“No, no one said he was dead!” I snapped, more upset than angry. I turned away and again retreated.
Martial law forced the open opposition movement underground. When military repression ensued, the call for armed rebellion was justified. Almost overnight, the label “student activist” was no longer apt. The newspapers were quick to christen the members of the underground movement with new names: subversives, communist insurgents, terrorists, guerrillas, rebels. Yet my personal lexicon remained unchanged; in my mind, they were simply family.
Though I was baffled by my siblings’ continued loyalty to the “revolution,” their courage had won my respect. What I could not accept was that this movement, the revolution, had the power to draw its members away from their lives and their families, yet could not care for its own.
Where were the kasama, their comrades-in-arms, when my brothers Jan, Nathan, and Norman were arrested and maltreated by their military captors? Where were the kasama when Jan’s head was repeatedly immersed in a commode filled with urine, when water was injected into his testicles, when his feet were doused, then jabbed with live wire? Our family did not hear from the kasama when Nathan was stripped naked and clubbed until he was nearly unconscious. No assistance was offered when my sister Lillian was missing for weeks and Dad made the rounds of prisons in search of her. Does one cease to be a comrade upon his or her capture? This revolution had stripped my family of any semblance of normalcy. It had promised victory, yet it brought only separation, torture, and now possibly Jun’s death.

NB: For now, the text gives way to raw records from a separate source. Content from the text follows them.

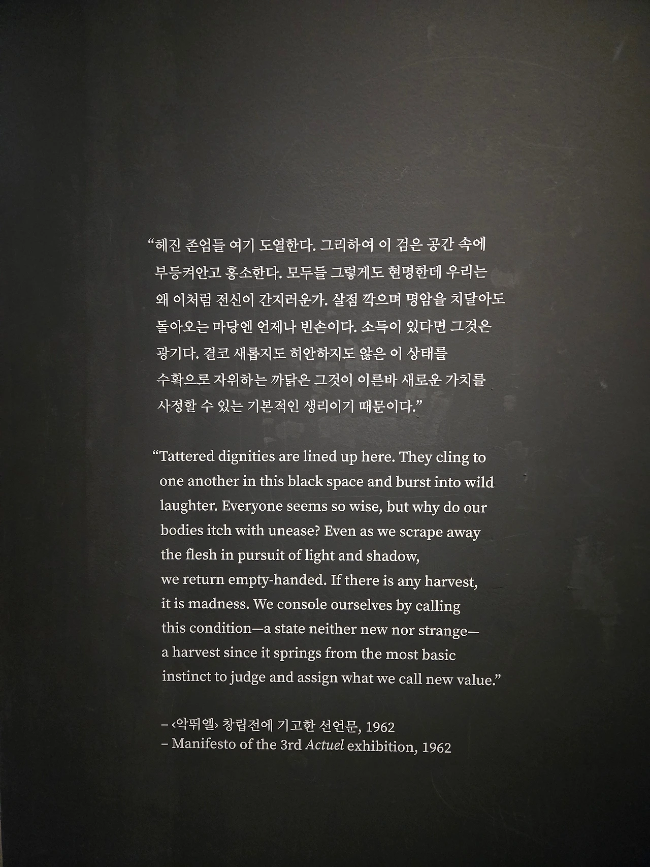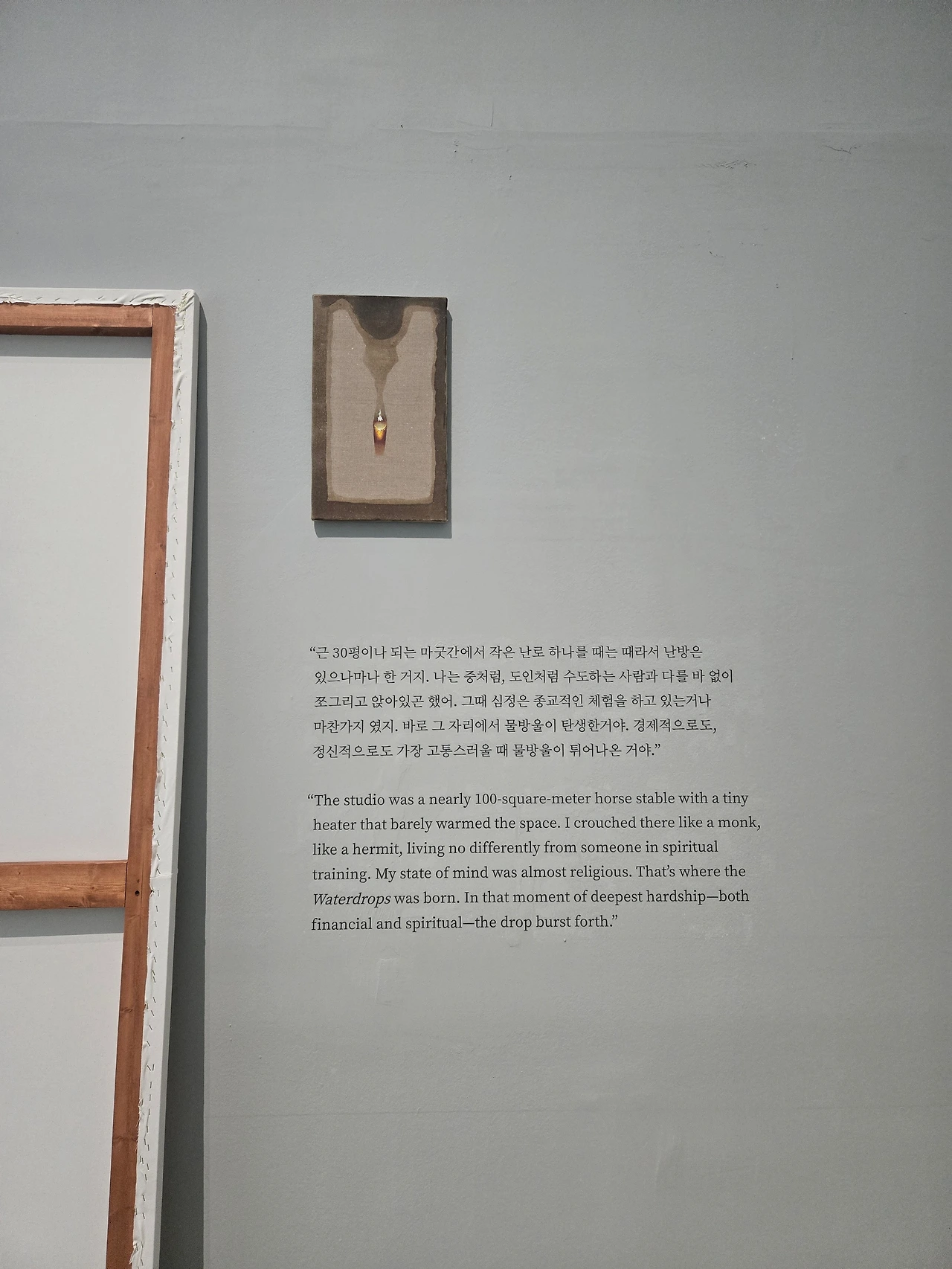 그림 위에 얹어진 물방울들은 말 그대로 정말 경이로웠다. 7 전시실 마지막에 김창열 작가의 인터뷰 영상에서 그는 물방울을 처음 봤던 그 순간의 경이로움을 표현하고 싶었다는 메시지를 남겼다. 내가 물방울 연작을 통해 느낀 경이로움이 과연 그가 느꼈던 그 경이로움과 같을지 궁금하다.
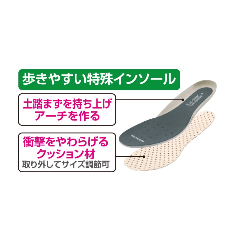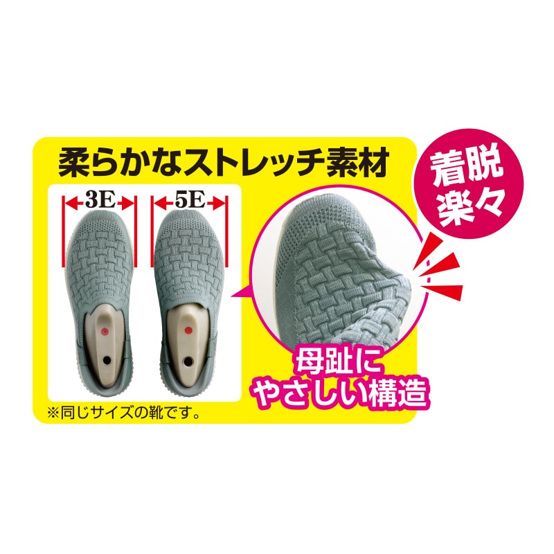 靴ベラ型の型崩れしにくく、かかとにそった特殊形状で、立ったままラクに足入れができるスニーカー。柔らかなストレッチ素材で拇趾にやさしい構造。5Eまでの足幅へ対応します。軽量です。
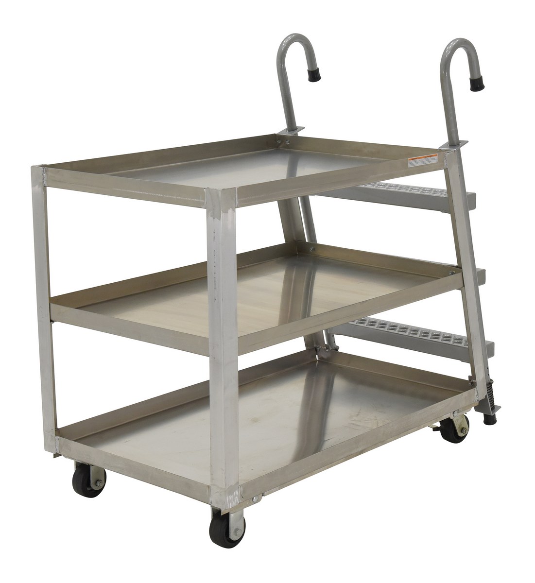 Aluminum Stock Picker with Steel Ladder 52 In. x 27-7/8 In. x 50-3/16 In. 1000 Lb. CapacityCombine the mobility of a cart with the versatility of a step ladder with this stock picker truck. Convenient spring loaded steel step ladder holds the cart securely in place while a person is standing on the ladder. Crutch tip ladder prevents the cart from moving while stocking. Springs then return the ladder to the raised position once personnel exit the step. All shelves have the lip turned up to prevent items from falling off. Ladders have a baked in silver powder coated finish.
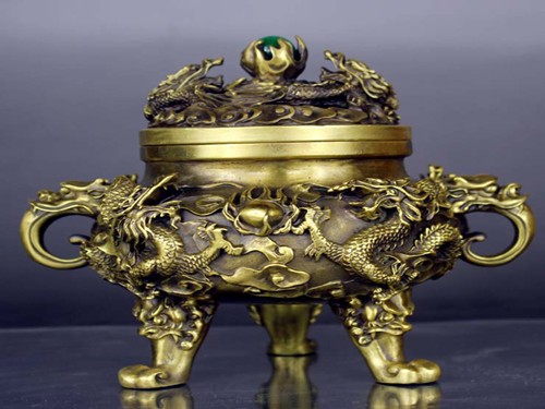 我國的金屬工藝品按資料可分為金器、銀器、銅器(包含仿古銅、斑銅等)、錫器、鐵畫等。按用途分為有用品、陳列品和首飾 3類。有用品有瓶、盤、爐、火鍋、銅壺、銀餐具和錫酒具、茶具等日用器皿,以及宗教佛事用品如鐘、罄、爐、鈴等。這類有用工藝品一般都經鑄、鍛、刻、鏤、焊、嵌等工藝,具有類似浮雕的裝飾,不同于一般日用品。陳列品有屏風、壁飾、擺件、車飾、馬飾、轎飾,各種仿古品如鼎、熏、鹵、觚、爵等。首飾有頭簪、戒指、手鐲、項圈、耳環(huán)、領帶夾、袖扣、胸花、領花等。
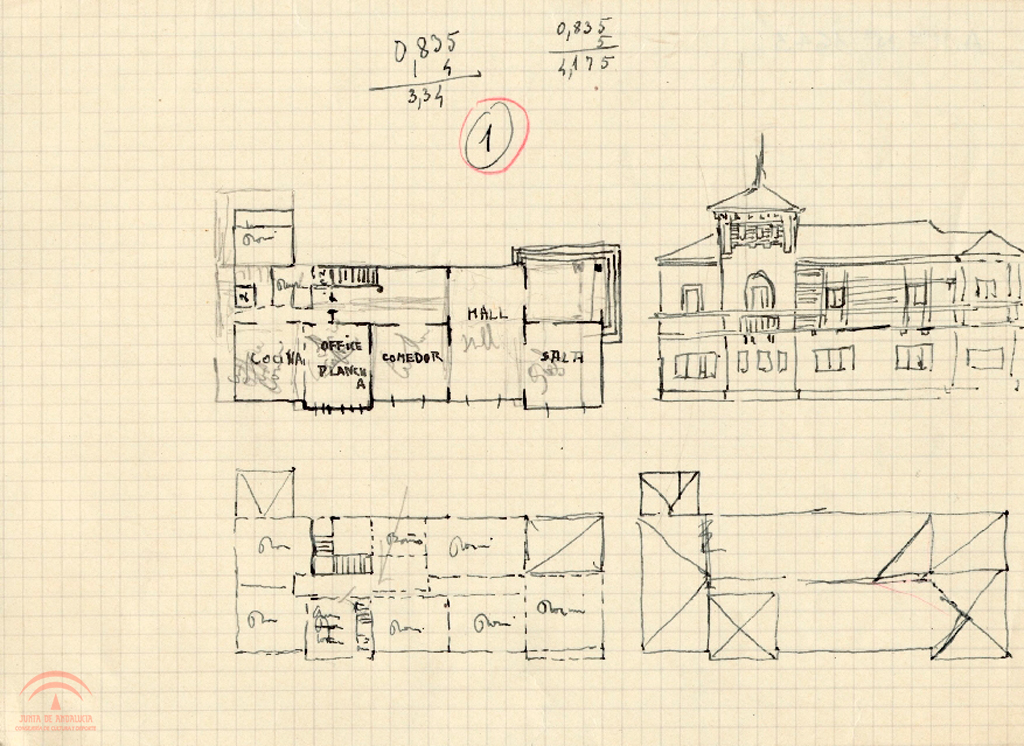 | Título: | Croquis de casa sin identificar. Alzado y 3 plantas |
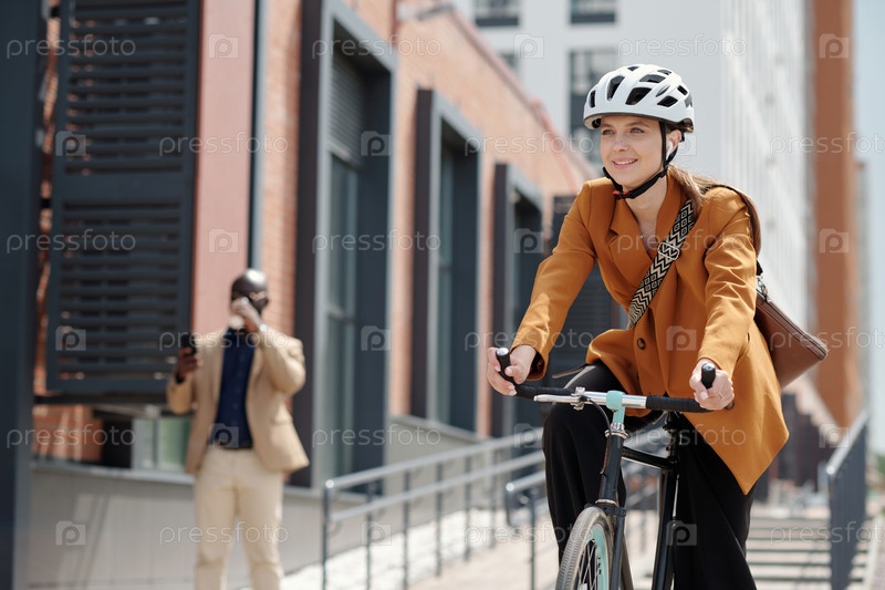 Молодая веселая женщина-сольопредприниматель в шлеме безопасности едет домой с работы
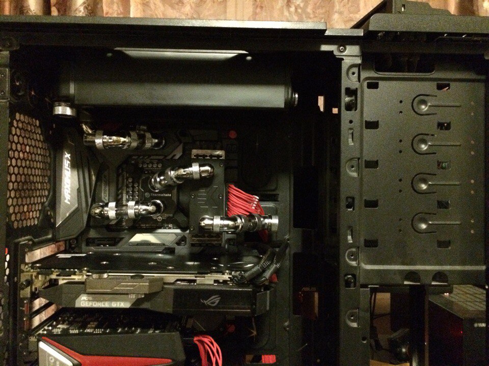 добрый день вот мозгую систему на трубках новичок в этом деле, кто подскажет какие советы?сейчас на стадии ожидании второй помпы и радика 360 мм,а также жгута для трубок и фитингов с креплениями для помп на радиатор , думаю сделать выпил спереди друмелем.Хотел спросить как лучше на видяху забацать контур?где выход и вход разместить(там 4 отверстия) ?И еще чето впадлу все разбирать и высверливать корпус друмелем,если аккуратно закрыть отсек с матерью ничего не будет ?))
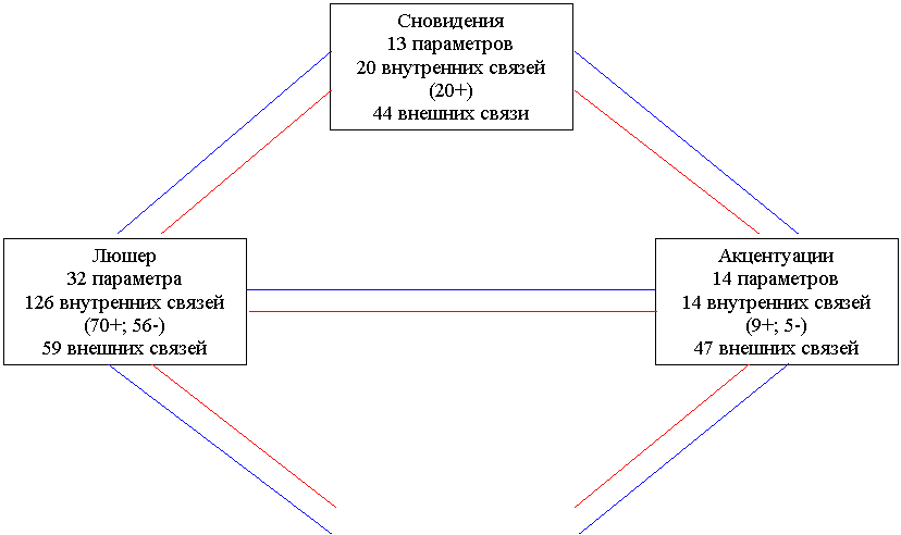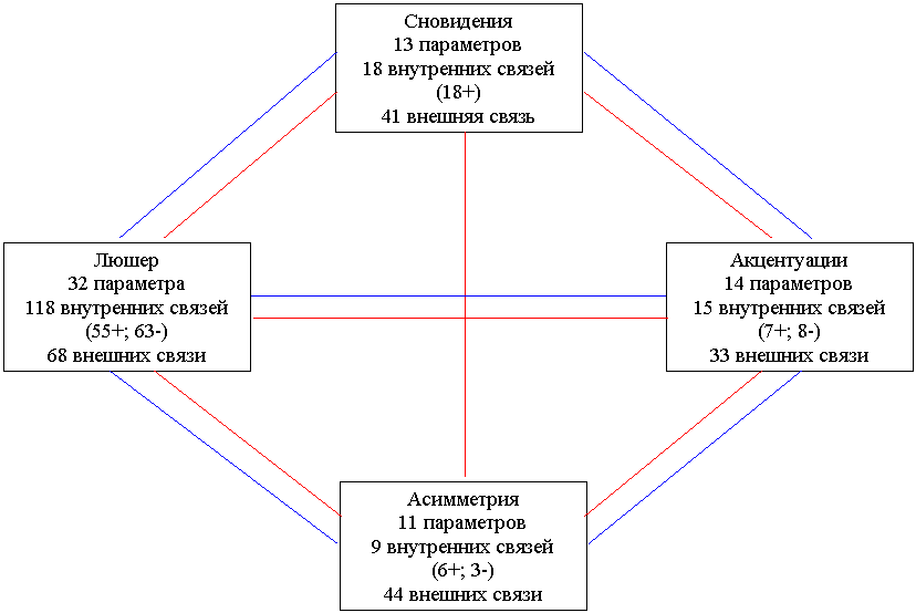При патологии большое количество корреляций различных параметров с нарушениями нормальной обработки информации в коре мозга, отражающимися в разрывах, хвостах и блоках, может свидетельствовать в пользу предположения о значительном нарушении процессов саморегуляции и взаимодействия с внешним миром (см. рис. 5). В частности, это подтверждается большим числом связей с параметрами второго выбора в тесте Люшера. Функциональное состояние и связи правого полушария головного мозга меняются в процессе беременности, и сновидческая деятельность может отражать и провоцировать эти изменения (см. рис. 8).
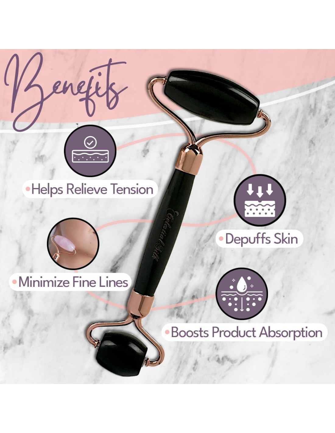 - Nuestro Rodillo Facial de Obsidiana Negra Se Siente Frío Contra la Piel - El rodillo facial masajea y estimula el drenaje linfático, y provoca la contracción de los vasos sanguíneos, lo que reduce la apariencia de líneas finas y hinchazón.
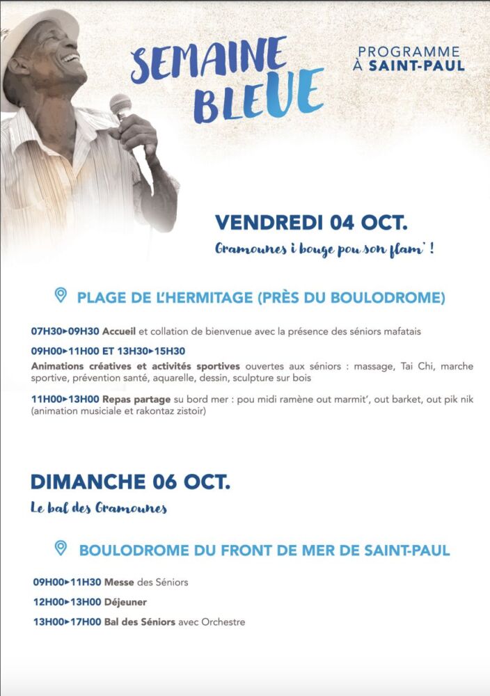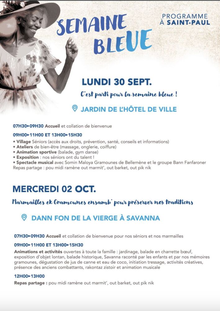 L’événement débutera officiellement lundi 30 septembre au Jardin de la Mairie, avant de laisser place à une journée intergénérationnelle le mercredi 2 octobre à Savanna, réunissant jeunes et aînés autour d’activités conviviales. Le vendredi 4 octobre, les gramounes profiteront d’un pique-nique en bord de mer à l’Ermitage, avant de clôturer en beauté le dimanche 6 octobre avec une messe suivie d’un bal festif.
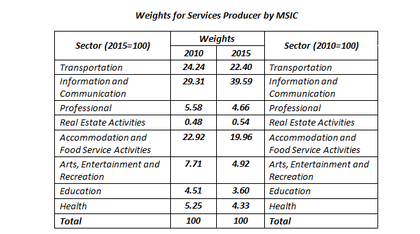 The item weights are assigned in proportion of their contributions to the total value of output in the economy. The weights by MSIC and sector are as follows:
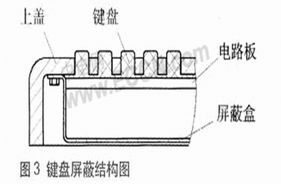 本終端鍵盤采用硅橡膠專用鍵盤,安裝在上蓋表面,開口較多,易引起電磁泄漏,降低屏蔽效能。因?yàn)榭卓p對(duì)電磁波的衰減與干擾波波長(zhǎng)及孔縫尺寸有關(guān),一般應(yīng)使孔洞的尺寸遠(yuǎn)小于電磁波的波長(zhǎng),只要孔縫的直徑足夠小,就能夠達(dá)到所要求的屏蔽效能。但一般按鍵的大小、排列應(yīng)符合人們的操作習(xí)慣,按鍵太小使用不方便,故這里主要采取安裝屏蔽罩的方法來減少電磁泄漏。鍵盤的屏蔽結(jié)構(gòu)設(shè)計(jì)如圖3所示。

“Lulu, I’ll be home in an hour.” It was my nth call to Lulu; she still had not heard from my sisters who had ventured to Nueva Ecija. I refused to worry about their safety; to do so would only add to the day’s futility.
It was nearly 10 o’clock when I arrived home. I was exhausted, though I had spent most of the day idly walking around the UP campus. As usual, Lulu had dinner waiting for me. She said my sisters were not back, nor had they called with news.
“Did anyone bother to call?” I asked in total resignation.
“Ay, Ate, someone did call. I can’t recall his name, but he said your group won first prize at the Lantern Parade.”
Little Brown Brother on the Rise
2
SUSAN F. QUIMPO, NORMAN F. QUIMPO, AND EMILIE MAE Q. WICKETT
Manila, August 16, 1968 – The police fired in the air tonight to disperse about 300 students who stormed a police cordon around the United States Embassy here.
The students were protesting special United States-Philippine relations that they said led to such incidents as the killing of Filipinos on American military bases.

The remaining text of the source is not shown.